» **The data**
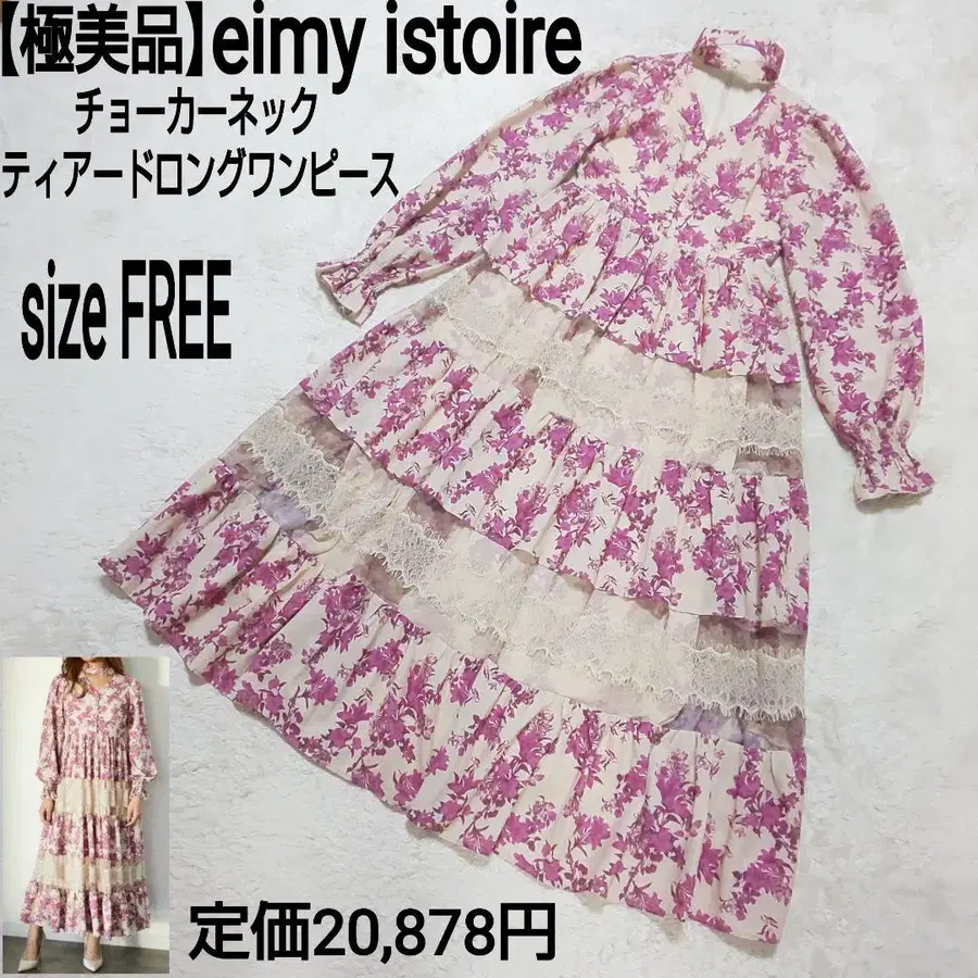 [ 컨디션 최상 ] eimyistoire 에이미 이스트 월 초커 넥 티어드 롱 원피스 레이스 절개 원피스 꽃무늬입니다 ♪
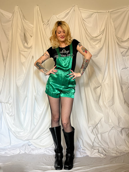 Green satin shortfalls. Homemade with slight imperfections throughout. Straps are attached via safety pins on the front.
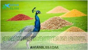 When selecting peafowl food, you’ll find specialized options that match their natural foraging habits.
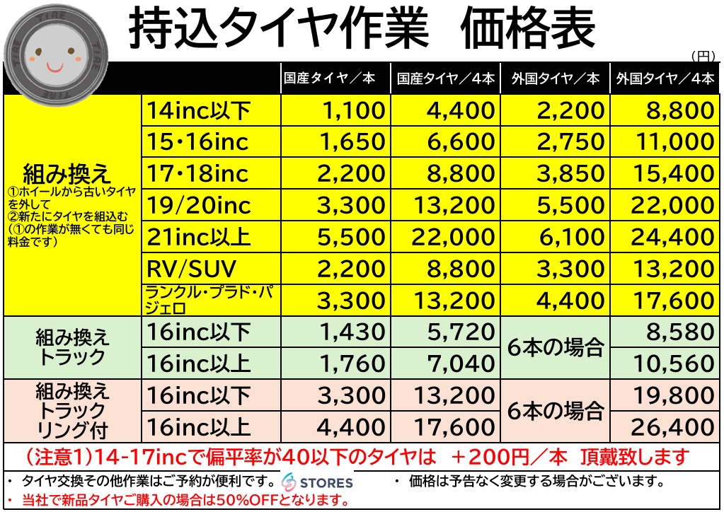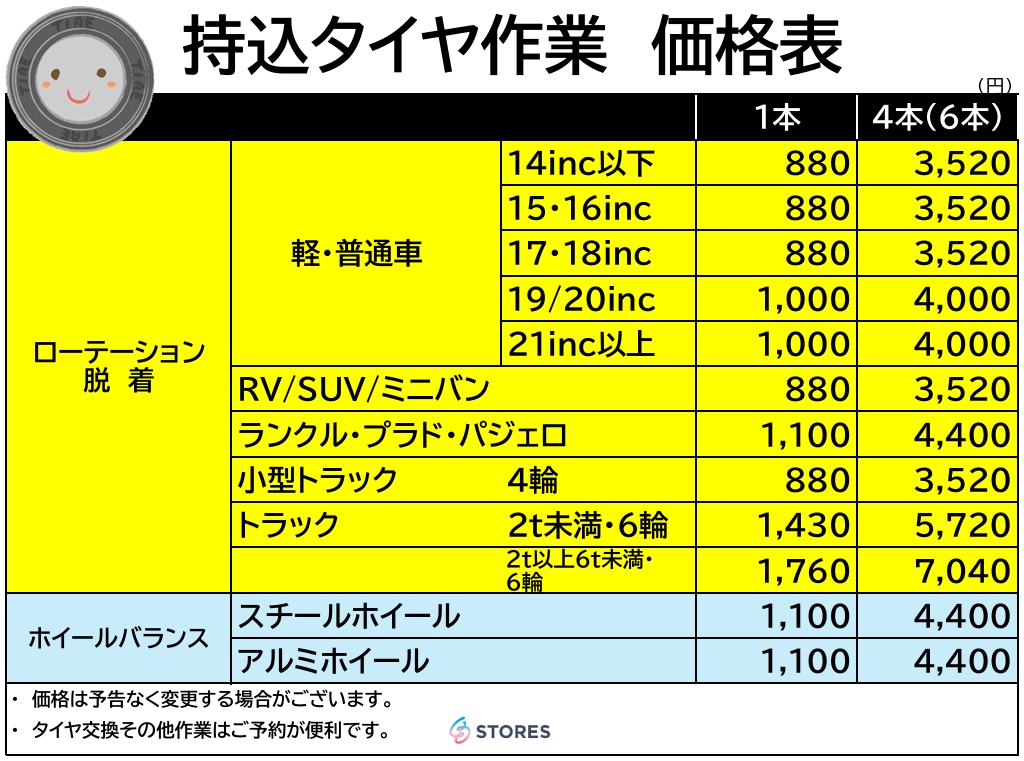 ※ 4ナンバー、1ナンバーのお車は店頭にてご相談ください。

» **Exercise**
The expected output is the full data above, reproduced exactly with no images.

» **Answer to this exercise**
 [ 컨디션 최상 ] eimyistoire 에이미 이스트 월 초커 넥 티어드 롱 원피스 레이스 절개 원피스 꽃무늬입니다 ♪
 Green satin shortfalls. Homemade with slight imperfections throughout. Straps are attached via safety pins on the front.
 When selecting peafowl food, you’ll find specialized options that match their natural foraging habits.
 ※ 4ナンバー、1ナンバーのお車は店頭にてご相談ください。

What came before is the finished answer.